❤ 14

16K 2.2K 232
                                    

Percakapan kami waktu itu berakhir ketika seorang perawat datang ke ruangan untuk mengecek kondisi Changbin sekaligus mengabari kalau sang pasien sudah boleh pulang keesokan harinya.

Setelah keluar dari rumah sakitpun, Changbin tetap tidak diperbolehkan pergi ke perusahaan oleh Kakek. Laki-laki itu diminta untuk beristirahat satu hari lagi sampai kondisinya benar-benar pulih.

"Aku berangkat dulu ya," ucapku setelah mengetuk pintu kamar dan menemukan Changbin sedang terduduk dimeja kerja dengan laptop menyala dihadapannya.

Laki-laki itu menoleh cepat, "Mau aku antar?" dia beranjak sambil melepas kacamatanya.

"Nggak usah, aku biasa naik bus kok. Kamu istirahat aja. Inget ya kata Kakekmu itu, harus istirahat," sambil memperhatikan Changbin yang mendekati pintu tempatku berdiri, aku berpesan.

Dia tertawa pelan sambil mengiyakan, "Iya, iya. Mau bawa mobil aku nggak?" tawarnya yang langsung kubalas dengan senyum miring.

"Nggak perlu, mobil kamu mahal soalnya," sindirku sambil beranjak pergi dari sana.

"Hey..." aku tak bisa menahan tawaku karena berhasil menggodanya, "aku serius nih nawarin. Sebelum aku berubah pikiran."

"Aku juga serius kok jawabnya. Beneran nggak usah." Setelah selesai mengikat tali sepatu, aku kembali memutar tubuhku untuk melihat Changbin. Laki-laki itu sedang bersandar pada tembok sambil memegang kunci mobil yang tadi ditawarinya.

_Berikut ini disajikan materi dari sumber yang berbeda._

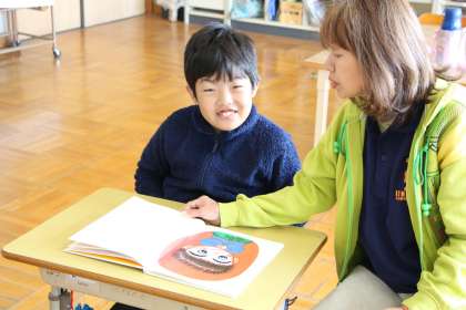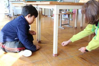 あすなろ学級の読み聞かせと生活単元の授業の様子をお知らせします。生活単元では、トウモロコシの計量の際、袋の口が緩んで床に散乱してしまいました。散乱したトウモロコシを担任とともに、片づけている場面です。これも立派な学習の場面です。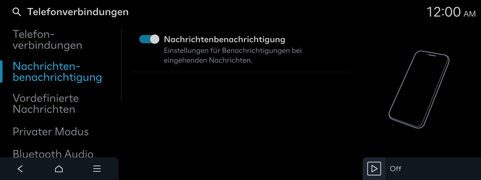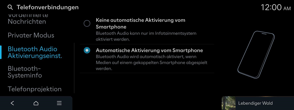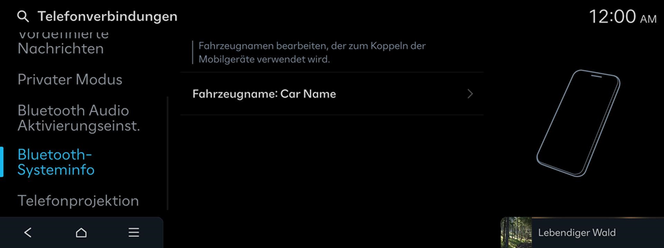 Verwalten Sie Bluetooth-Geräte oder konfigurieren Sie deren Betriebseinstellungen. Sie können auch die Telefonprojektion aktivieren, sodass Sie die Smartphone-App vom Systembildschirm aus steuern können, nachdem Sie das Smartphone mit dem System verbunden haben.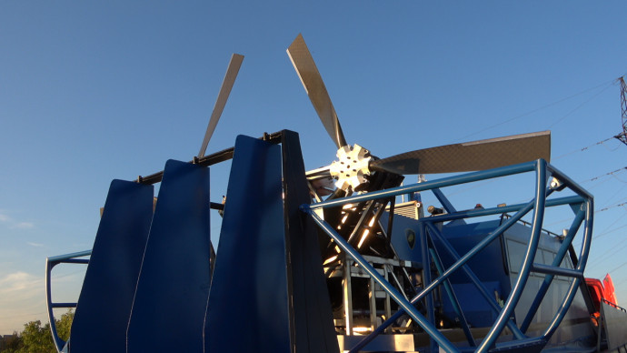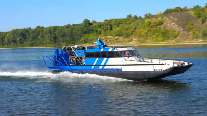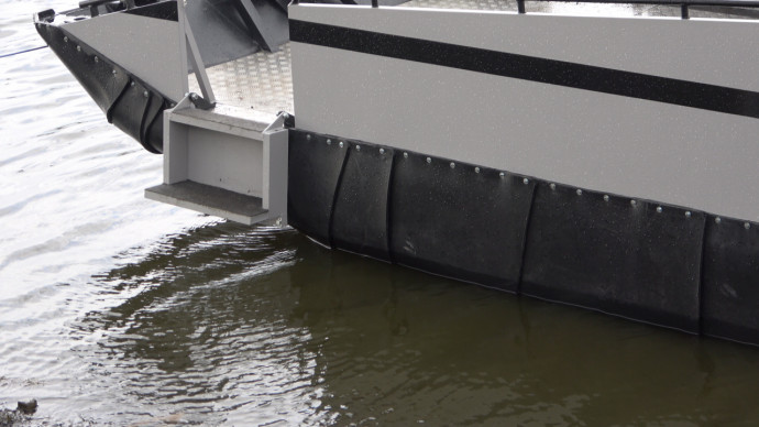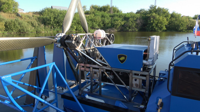 Лодка оборудована трансмиссией с запатентованным ременным V-образным редуктором для оптимального распределения нагрузки. Такое решение обеспечивает безопасность и звукоизоляцию, а также позволяет разместить двигатель внутри корпуса лодки. Он гораздо прочнее цепи, и гораздо надежней. Для создания тяги используется система из двух пропеллеров диаметром 2,5 метра. Такой внушительный размер служит для реализации большого крутящего момента. Здесь пропеллеры крутятся в одну сторону, но в середине у них есть перехлест, что дополнительно дает больший КПД тяги. Это тоже наша запатентованная разработка.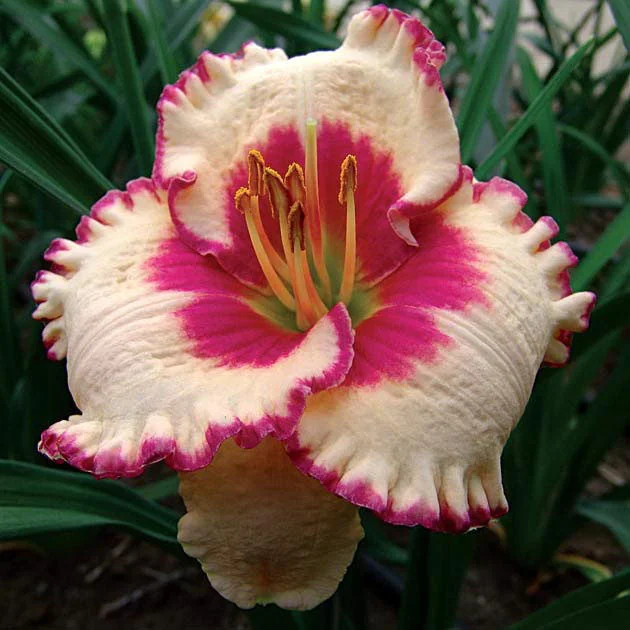 Лилейник Эйджлес Бьюти (Ageless Beauty) –многолетнее травянистое растение с компактно растущим корневищем. Площадь разрастания небольшая, образует мощный куст, ежегодно увеличивающийся в объеме. Размер взрослого растения 60-70 см. Время цветение раннее. Период цветения конец июня, июль. Сорт относится к крупноцветковым лилейникам. Цветок обладает приятным ароматом. Окрас кремовый, глазная зона и гало красного цвета. Текстура цветка гофрированная. Это растение хорошо подходит для солитерных посадок. Сажать рассаду требуется на хорошо освещенное, солнечное место.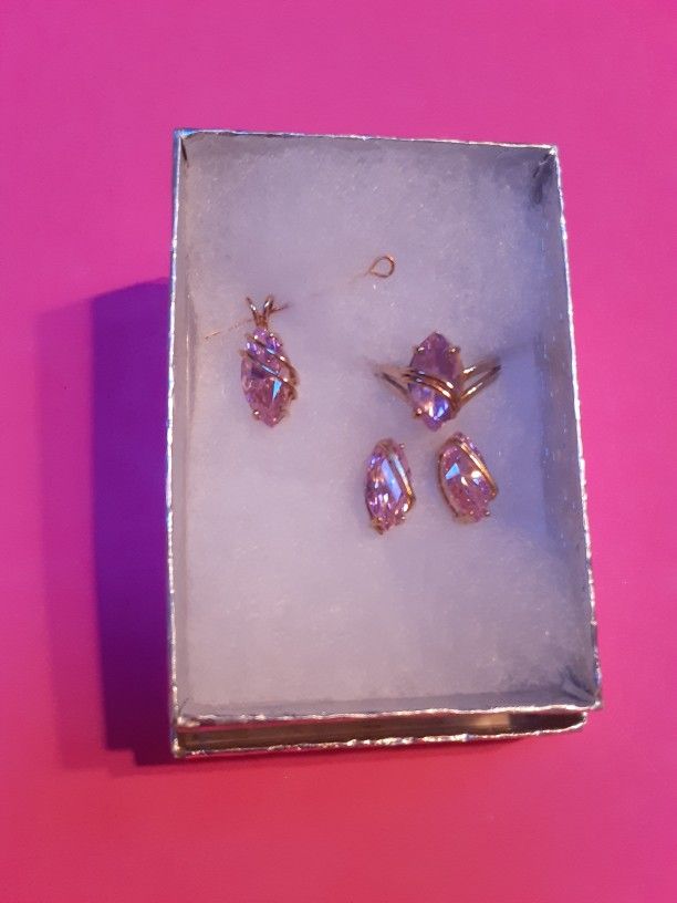 Beautiful Pink Topaz Matching Set all 10k Ring size 6 1/2 Pendent Earrings

"Hati-hati ya," ia tersenyum sambil melambaikan tangan.

Tuhan. Aku deg-degan.

Untuk beberapa saat aku hanya terdiam dengan mulut sedikit terbuka. Tentu saja aku melongo, tak percaya. Yang barusan aku lihat itu nyata, kan? Dia benar-benar tersenyum sambil melambaikan tangannya?

Sial. Ternyata beneran.

"Iya. Sampai ketemu nanti," balasku canggung, lalu ikut melambaikan tangan sebelum benar-benar pergi.

Mulai dari masuk ke lift, keluar apartement, hingga duduk dikursi bus pun aku masih tidak percaya kalau Changbin yang aku lihat tadi itu benar-benar tersenyum sambil melambaikan tangannya padaku. Bahkan sampai saat ini jantungku masih berdegup dengan cepat.

Sederhana memang, tapi bagiku kejadian tadi menimbulkan gelenyar aneh dalam dadaku. Dengan cepat aku menggelengkan kepala, menyingkirkan pertanyaan aneh yang mulai muncul dipikiranku tentang sikap Changbin. Memilih mendengarkan musik sepanjang perjalanan menuju kantor adalah cara terakhir supaya aku bisa mengalihkan pikiranku saat ini.

"Wow, apa nih?" tanyaku ketika melihat sekotak susu dimeja kerja sesampainya aku di ruang divisi.

Laki-laki yang duduk tepat disebelahku tersenyum lebar sambil cekikikan. "Hadiah," katanya sambil mendekatkan kursi padaku.

"Hadiah apa?" aku menyampirkan jaketku pada kursi kemudian duduk tak jauh dari Senior Eunho.

"Karena kamu udah bantuin aku selama di rumah sakit."

Meski sejujurnya aku tak membantu banyak jika dibandingkan dengan Senior Jehoon yang sampai rela menginap di rumah sakit, aku mengangguk sambil mulai membuka kotak susu itu. Berhubung aku belum sarapan pagi ini, aku langsung meneguk susu pemberian Senior Eunho sampai habis.

"Makasih loh Senior Eunho. Oh iya, ngomong-ngomong maaf ya aku nggak bisa jemput Senior Eunho waktu pulang dari rumah sakit."

"Nggak apa," ucap Senior Eunho memotong kalimatku, "lagipula kamu banyak bantu aku sebelumnya. Nah susu itu sebagai tanda terima kasihku juga. Gimana, enak susunya?" Senior Eunho menunjuk susu kotak ditanganku dengan dagunya.